Get latest row (is there a 'last' aggregator?)

Hi,

I have a use case where I want to get the latest/last row ingested into Druid.
What aggregator can I use to do that?

My data model is as follows:
timestamp, customer_id, balance
Here, customer_id is a dimension and balance is a metric. I want the last sent data for balance to be stored/retrieved in Druid.

Please guide me on how I can achieve the same.

Thanks,
GK

Hi, this question has come up before in the forums, but I can’t find those threads right now.

If you think about the SQL queries you want to make, you may want to submit a feature request to https://github.com/implydata/plyql if the feature does not already exist. Doing this in Druid will require using javascript aggregators

Are you just looking for SELECT * FROM table ORDER BY __time DESC ?

Opps forgot the limit: SELECT * FROM table ORDER BY __time DESC LIMIT 1

Thanks for the SQL suggestion, it works. I looked up the query JSON that it made and it was using the select query with a dummy metrics aggregation.
However, I was wondering that Druid would end up storing all the rows in its index and we will use SELECT to retrieve the last row. Is there a way that Druid only stores the last row itself. If Javascript aggregator can be used, how may one go about that? Something like passing __time and the column(balance) both to the JS function?

I found the earlier thread: https://groups.google.com/d/topic/druid-user/nCghqQBhUC8/discussion
The code example provided there does not seem to work for me.

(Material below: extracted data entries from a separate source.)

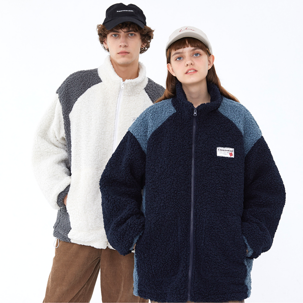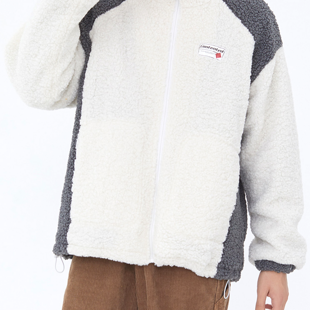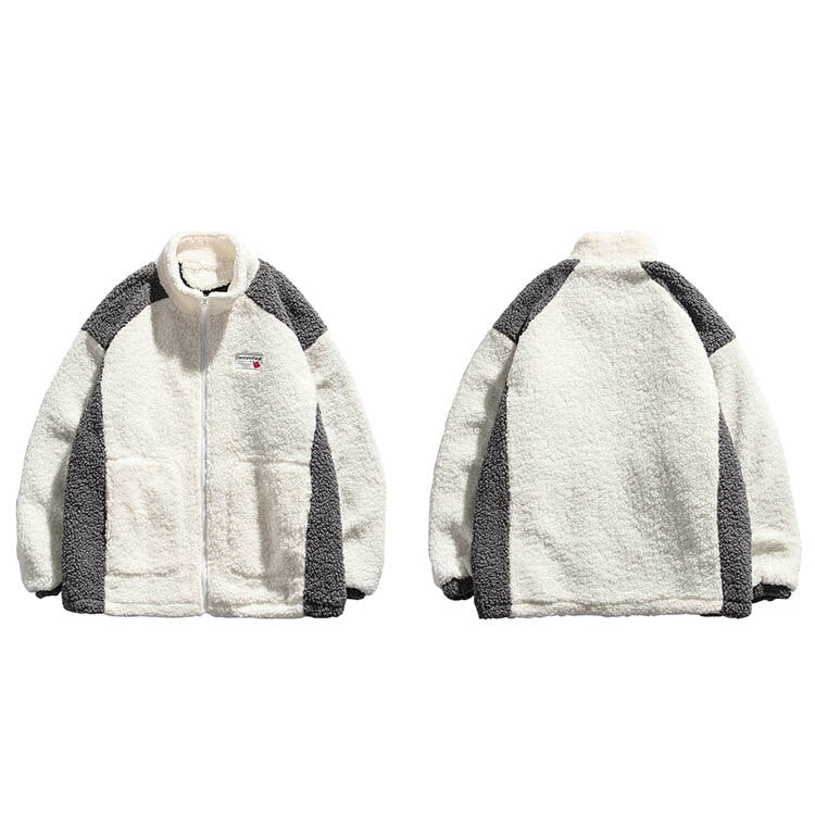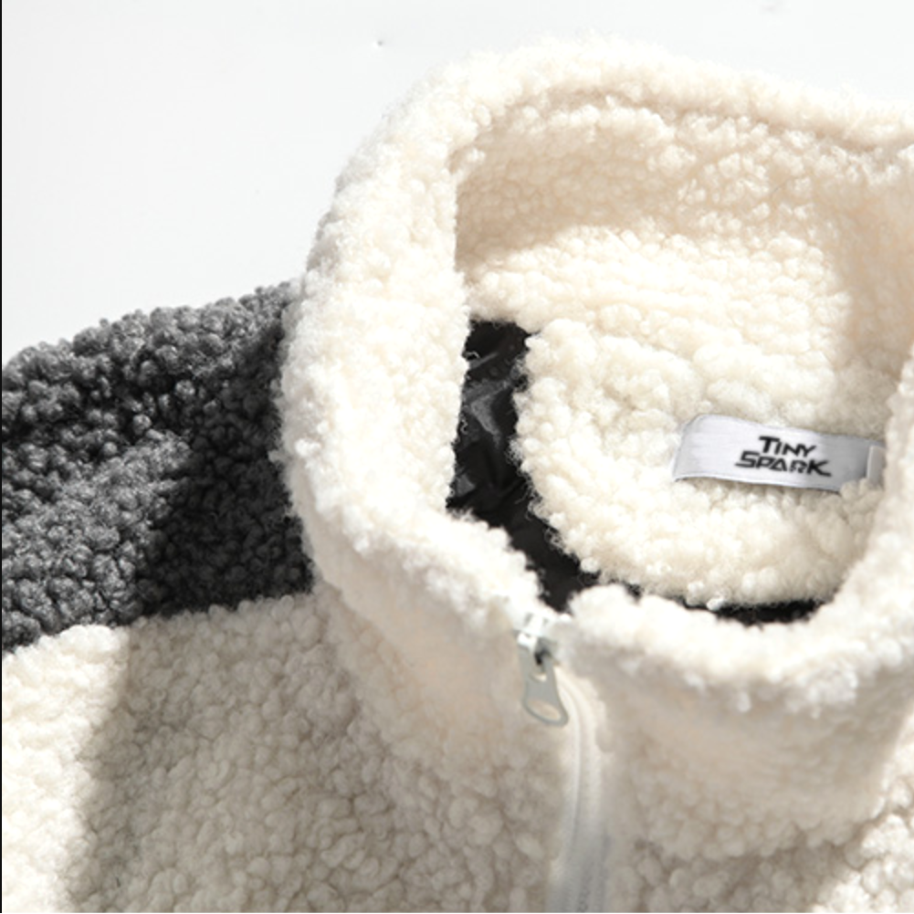 -Pull Gilet à Zip Fourrure mouton Noir Bleu Molletonné Oversize Streetwear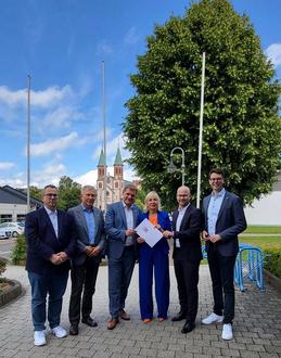 Die Gemeinden Hofbieber und Mengerskirchen gehen diesen Schritt nun gemeinsam. Für das Vorhaben erhalten die Gemeinden 509.000 Euro aus der Förderung smarter Kommunen und Regionen im Programm „Starke Heimat Hessen“. Im Rahmen ihrer Sommerreise überreichte Digitalministerin Prof. Dr. Kristina Sinemus heute den Förderbescheid an Markus Röder, Bürgermeister von Hofbieber, und Daniel Melchert, Bürgermeister von Mengerskirchen.
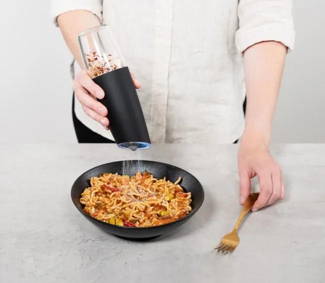 USB-C oppladbar krydderkvern med justerbar keramisk mekanisme.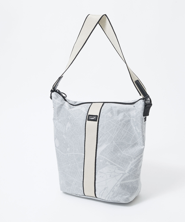 パリの地図をモチーフにしたオリジナル柄をプリントしたバケットバッグ。広めのマチで容量がたっぷりと入り、デイリー使いにおすすめです。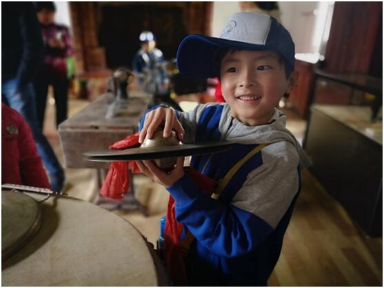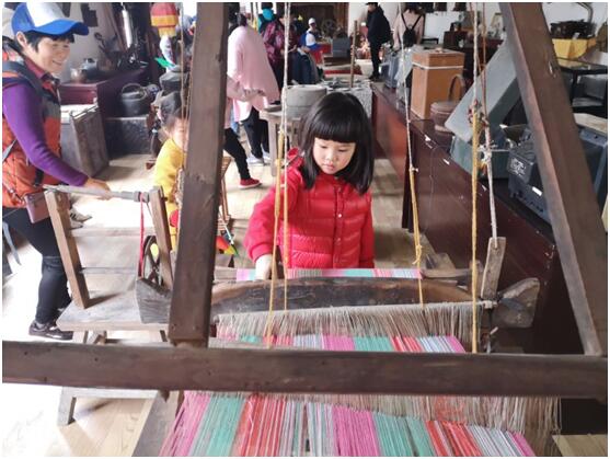 我们的第一站是:农耕文化园,这里有农家用的床,织布机,电视机,收音机等生活用品,小朋友们好奇地这里看看,那里瞧瞧,还找到了“新玩具”:捶起来咚咚响的鼓和敲起来梆梆响的锣,大家你敲敲,我打打,乒乒乓乓好不热闹。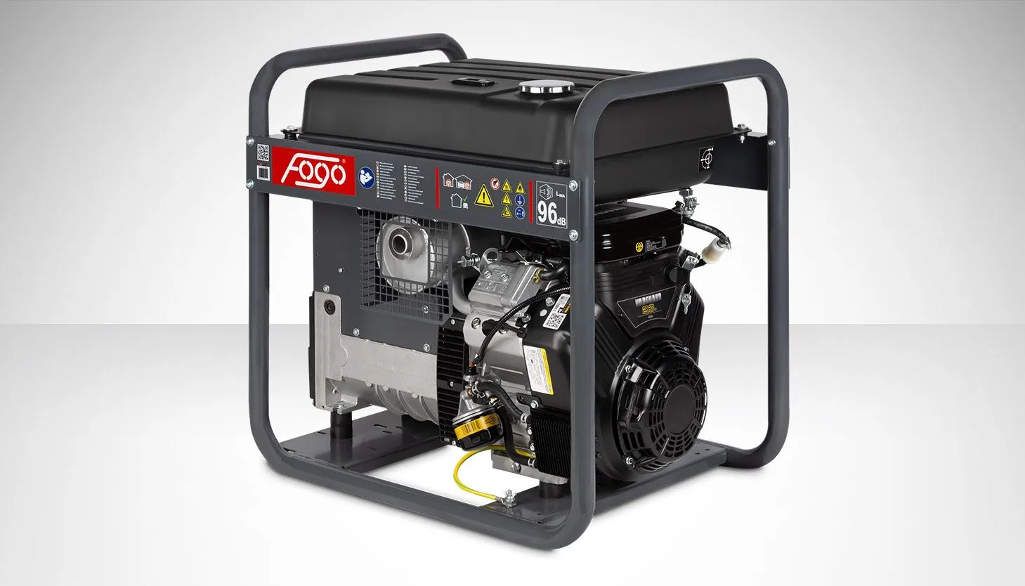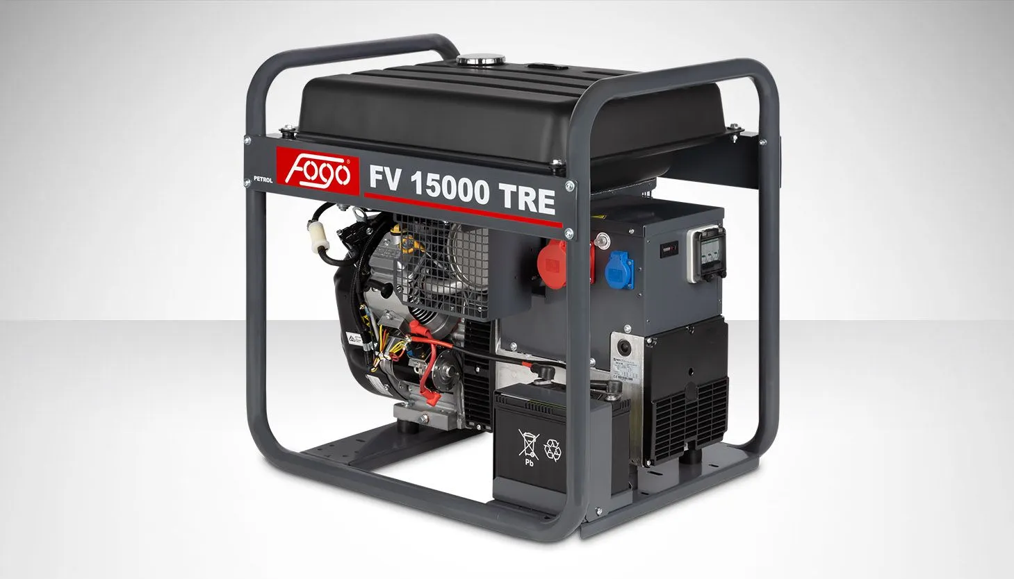 Agregat prądotwórczy trójfazowy FOGO FV15000TRE — moc 14,5/12,5 kVA, silnik VANGUARD 21 HP, zbiornik 45 l, masa 130 kg. Trójfazowy 400 V do urządzeń przemysłowych.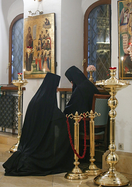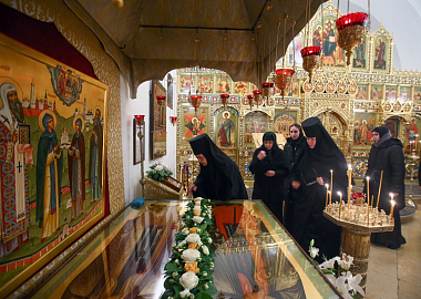 По окончании Литургии было совершено славление перед гробницей преподобных Иулиании и Евпраксии Московских.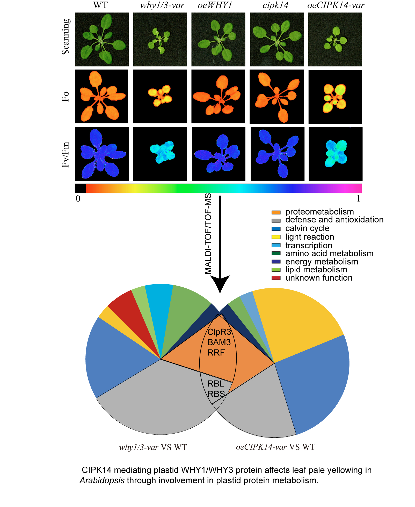 Leaf variegation pale yellowing is observed in the Calcineurin B-Like-Interacting Protein Kinase14 (CIPK14) overexpression line (oeCIPK14) and double knockout WHIRLY1/WHIRLY3 (why1/3) lines of Arabidopsis, the distribution of WHIRLY1 (WHY1) protein between plastids and the nucleus are affected by the phosphorylation of WHY1 by CIPK14. To elucidate the coregulation of CIPK14 and WHIRLY1/WHIRLY3 mediated leaf pale yellowing, a differential proteomic analysis is conducted between the oeCIPK14 variegated (oeCIPK14-var) line, why1/3 variegated (why1/3-var) line and wild type (WT). More than 800 protein spots are distinguished on each gel, 67 differential abundance proteins (DAPs) are identified by matrix-assisted laser desorption ionization-time of flight/time of flight mass spectrometry (MALDI-TOF/TOF-MS), of which, 34 DAPs are in the oeCIPK14-var, 33 DAPs are in the why1/3-var compared to WT. Five overlapping proteins differentially change both in the oeCIPK14-var and in the why1/3-var. They are ATP-dependent Clp protease proteolytic subunit-related protein 3 (ClpR3), Ribulose bisphosphate carboxylase large chain (RBL), Beta-amylase 3 (BAM3), Ribosome-recycling factor (RRF), Ribulose bisphosphate carboxylase small chain (RBS). Bioinformatics analysis show that most of DAPs are involved in photosynthesis, defense and antioxidation pathway, protein metabolism, amino acid metabolism, energy metabolism, malate biosynthesis, lipid metabolism and transcription. Thus, the photosystem parameters are measured that the content of chlorophyll, the photochemical efficiency of PSⅡ (Fv/Fm), and electron transport rates (ETR) decrease in the why1/3-var and oeCIPK14-var, but the non-photochemical quenching (NPQ) increases. Both mutants show high sensitivity to strong light. Based on the annotation of DAPs from both why1/3-var and oeCIPK14-var lines, we conclude that CIPK14 phosphorylation mediated WHY1 deficiency in plastids is related to impairment of protein metabolism leading to chloroplast dysfunction.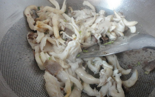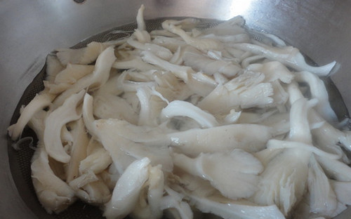 4、下入洗净掰成条的蘑菇,焯一下蘑菇,然后捞出蘑菇用凉水冲一下,攥去水分备用。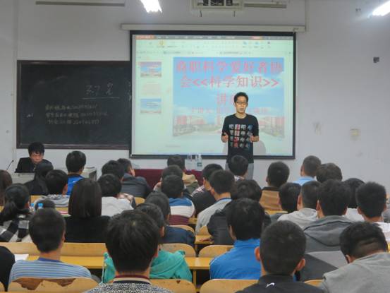 讲座由科学爱好者协会指导老师王晓炜主讲,他分别从生活中的科普知识、什么是科学以及科学的发展过程等方面进行了讲演。最后,王晓伟老师与同学们进行科学探讨,解决在场同学们提出的问题,使同学们受益匪浅。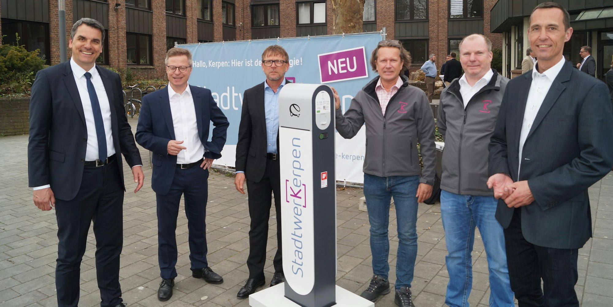Am Start: Stadtwerke-Geschäftsführer Michael Stangel, Markus Wagner und Siegbert Kobus (Technik), die Vertriebsmitarbeiter Jürgen Kohn und René Zander sowie Bürgermeister Dieter Spürck (v. l.)
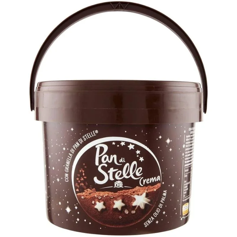 La magia dei biscotti Pan di Stelle in una crema spalmabile irresistibile, ora nel pratico formato da 3Kg perfetto per bar, pasticcerie e veri amanti del cioccolato!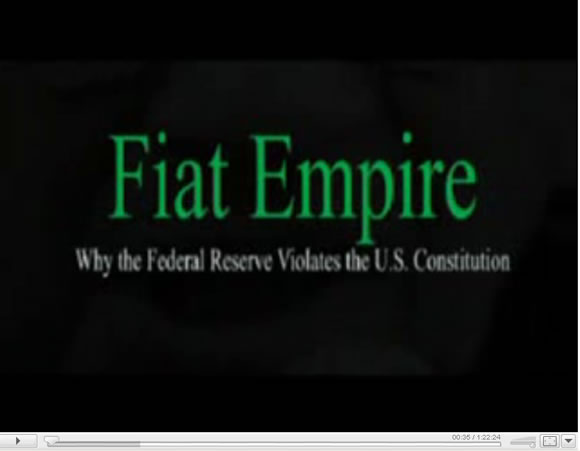 As a public service, you can watch FIAT EMPIRE for free on Google Video. If you get something out of it, please purchase a DVD below. The DVD is much clearer and includes an additional 120 minutes of interviews of the experts interviewed in the film. Refer others to the DVD as well as this website (such being www.FiatEmpire.com or at the mirror site at www.mecfilms.com/fiat in the even the main site is ever shut down). Purchases of FIAT EMPIRE are going into our new documentary, ORIGINAL INTENT, now in production. ORIGINAL INTENT features Ron Paul, Pat Buchanan, G. Edward Griffin, Edwin Vieira and others. Use your FIAT EMPIRE DVD to give screenings to your family, friends and associates or purchase FIAT EMPIRE in bulk quantities and hand them out. Your family, friends and associates will appreciate and thank you for the insights in FIAT EMPIRE and the books recommended at the end. Only an informed citizenry can safeguard against rogue politicians and a tyrannical government.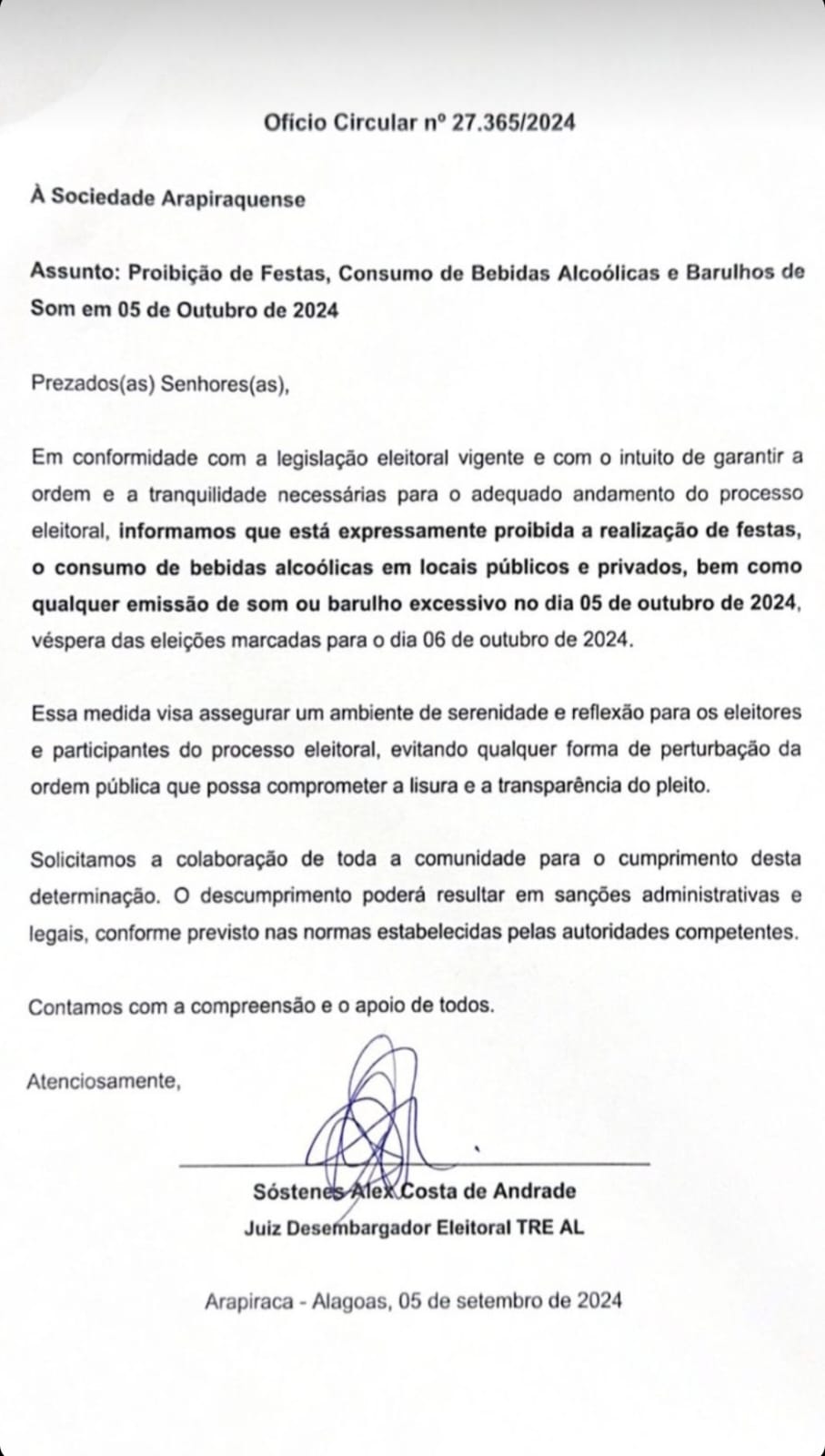 O Núcleo de Enfrentamento à Desinformação (NED) do Tribunal Regional Eleitoral de Alagoas (TRE/AL) esclarece que é falso conteúdo que circula nas redes sociais, determinando a proibição da realização de festas, o consumo de bebidas alcoólicas em locais públicos e privados, e utilização de som ou barulho no dia 05 de outubro, véspera da eleição municipal, em Arapiraca.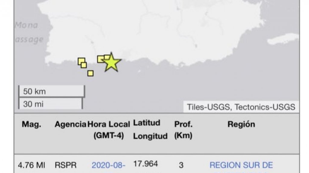 A las 11:27 p.m., un temblor con magnitud preliminar de 4.8 fue reportado como sentido a través de toda la Isla. La Red Sísmica de Puerto Rico detectó el sismo al sur del país, cercano a Peñuelas (en el mar). Por el momento, se estima intensidad máxima de IV (cuatro) en Yauco.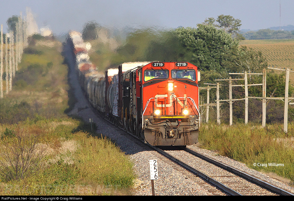 The daily Kirk Yard, IN, to Waterloo, IA, manifest train is westbound west of Independence. The train is about 19 miles from its destination at Waterloo Yard. The Dubuque Sub between Waterloo and Dubuque is a roller coaster, as seen here with the hogbacks between Raymond and Independence.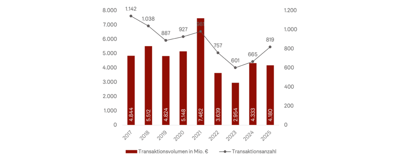 The development is supported by a broad diversification across small and medium-sized ticket sizes. The majority of transactions are for volumes of up to 7.5 million euros, while larger individual trades remain rarer. The market does not grow through individual outliers, but through functioning individual transactions with realistic prices.
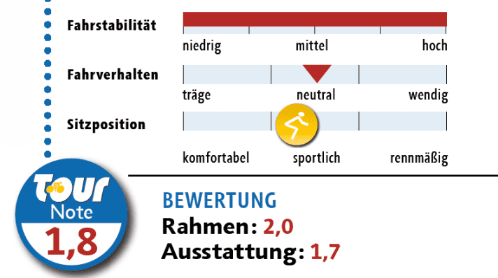 * gewogene Gewichte; ** Herstellerangabe, Testrahmengröße gefettet; *** Stack/Reach: projiziertes senkrechtes bzw. waagerechtes Maß von Mitte Tretlager bis Oberkante Steuersatzkappe; STR (Stack to Reach): Werte zwischen 1,45 und 1,55 bezeichnen eine sportliche Sitzposition, Werte darunter rennmäßig, darüber komfortabel

I guess, in the fnCombine, it’s adding the 2 partial results which makes it essentially a ‘sum’ aggregator.

{
“type”: “javascript”,
“name”: “last”,
“fieldNames” : [ “dim1”],
“fnAggregate” : "function(current, dim1) { return dim1 } ",
“fnCombine” : “function(partialA, partialB) { return partialA + partialB; }”,
“fnReset” : “function() { return 0; }”
}

``

If all you want to store is the last row why not just configure your Druid to have very aggressive data retention rules?